Era un hombre pálido, de aspecto frágil y ojos tristes, con un pelo que expresaba muchas más cosas que la lucha de la noche anterior con la almohada. Un peine con patas habría batido a Jesse Owens a la vista de las greñas de aquel tío. Un mechón hacia el este, cuatro puñados al oeste, un remolino y el resto de aquel sinsentido apuntando a todas partes, norte y sur. Recuerdo que lo primero que pensé fue: “Duerme un rato”, pero no podía decirlo, por supuesto. Y de pronto la idea me golpeó en la frente como un martillo pilón de dos toneladas. Las manos, su forma de moverlas en el aire casi sin control, tamborileando nerviosamente sobre la mesa, su forma ampulosa de hablar (un rasgo que compartimos), los ojos abiertos y atentos, curiosos, ojos que han visto mucho y aún lo devoran todo. Este loco hipersensible es Eduardo Manos de Tijeras.
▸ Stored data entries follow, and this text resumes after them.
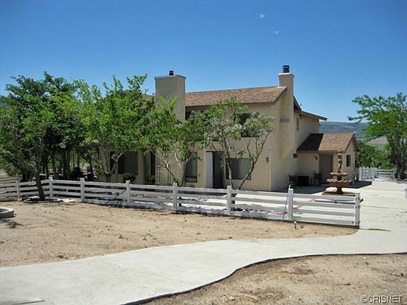 2 story Custom Ranch House with breathtaking hilltop views with paved frontage & easy access to I-5. Privacy, unobstructed from everywhere and yet is easily accessible to metro areas. 6 mi from Quail Lake, 39 mi from Valencia, 67 mi from LA K-town. Family room with wood burning stove, opens to south. First floor bedroom was converted to a library complete with built-in bookcase. Extra wide oak staircase leads to 2 guest bedrooms, a master bed with vaulted ceiling, sitting area and pellet fireplace. Spacious master bath with large jetted tub, separate shower, dual sinks, mirrored walk-in closet. Master Bathroom door opens to balcony to enjoy the mountain views Extensive concrete driveway w/night lights, pipe fencing. 12.5 Acres for an arena for the horse owner or kennels for the dog owner. Hundreds of mature shade & fruit trees and water irrigation system for your own Chef's garden, 2 wells & 2 water tanks (5,000 & 10,000 gal), Solar Leased. 4000 sq ft detached garage incl 2 RV garage.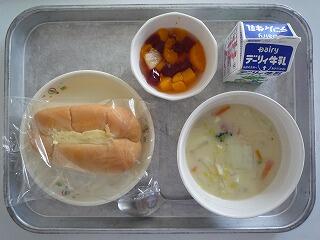 マヨネーズパン クリームシチュー フルーツカクテル 牛乳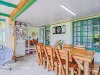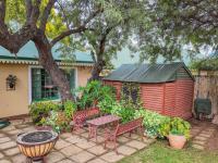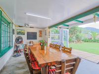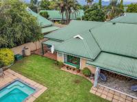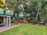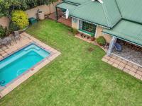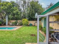 An enclosed patio with a built-in braai opens out to a lush garden with a swimming pool, perfect for relaxing weekends and entertaining.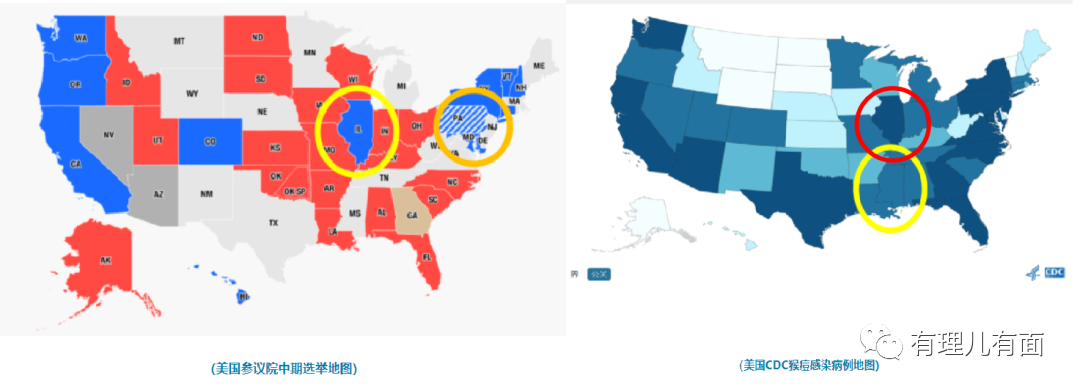 民主黨勝選的州,與美國猴痘高發州,高度重疊。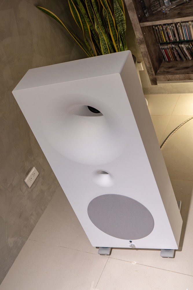 不像自家较高阶的 Uno、Duo 和 Trio,均使用压铸成型的音箱花状圆形号角。Zero 这个型号为一体式设计,不仅三音路音箱、低音模块都装在一个音箱里,这个以 PUR 聚胺酯铸造成型的箱体,高音和中音处为一体成型的号角开口。Zero iTRON 音箱自带仰角,过去 Zero 1 的仰角固定,如今 Zero iTRON 的后脚钉可调高低,透过改变后脚钉高度,即可改变 Zero iTRON 仰角。仰角调整,则和我们座位的距离,以及我们想听清楚多少细节有关。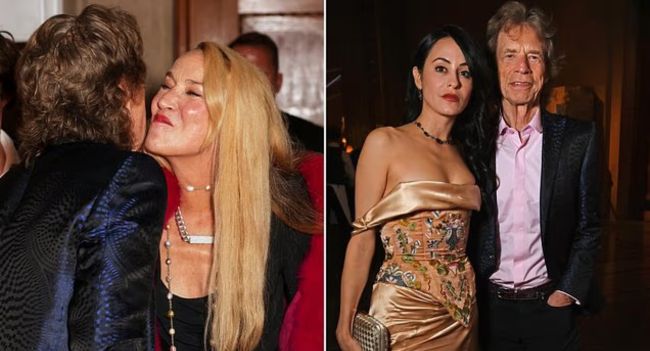 Cameras caught the warm moment Mick and Jerry greeted each other with a friendly hug and kiss on the cheek — a classy reunion that spoke volumes about how time can turn even the most dramatic love stories into fond memories.

Después de compartir tres o cuatro cafeteras, hablando cada uno sobre las frases inacabadas del otro, pero entendiéndonos a pesar de todo, acabamos la reunión con un apretón de manos y un “encantado de conocerte”. Salí de la cafetería con un subidón de cafeína, mordiendo la cucharilla del café como un perro rabioso. Ahora me sentía todavía peor a causa de la sincera conexión que había notado entre nosotros durante la reunión. Los dos entendíamos la perversa belleza de una jarrita con forma de vaca, la fascinación por las uvas de resina, la complejidad y la fuerza que se pueden encontrar en un tapiz de Elvis sobre terciopelo, viendo, más allá de la materialidad, el profundo respeto por “aquellos que no son otros”. Estaba seguro de que podríamos trabajar bien juntos y convencido de que, si se me daba la oportunidad, podría llevar a buen fin su visión artística de Eduardo Manos de Tijeras. Mis oportunidades eran, como mucho, escasas... si existían. Gente más conocida que yo no sólo estaba siendo considerada para el papel sino que estaba luchando, batallando, peleando, pateando, gritando y rogando por él. Un solo director había dado la cara por mí y era John Waters, un gran cineasta proscripto, un hombre por el que tanto Tim como yo sentíamos gran respeto y admiración. John se había arriesgado por mí ofreciéndome la oportunidad de parodiar mi imagen “dada” en Cry Baby. Pero ¿vería Tim en mí algo que le hiciera aceptar ese riesgo? Yo esperaba que sí.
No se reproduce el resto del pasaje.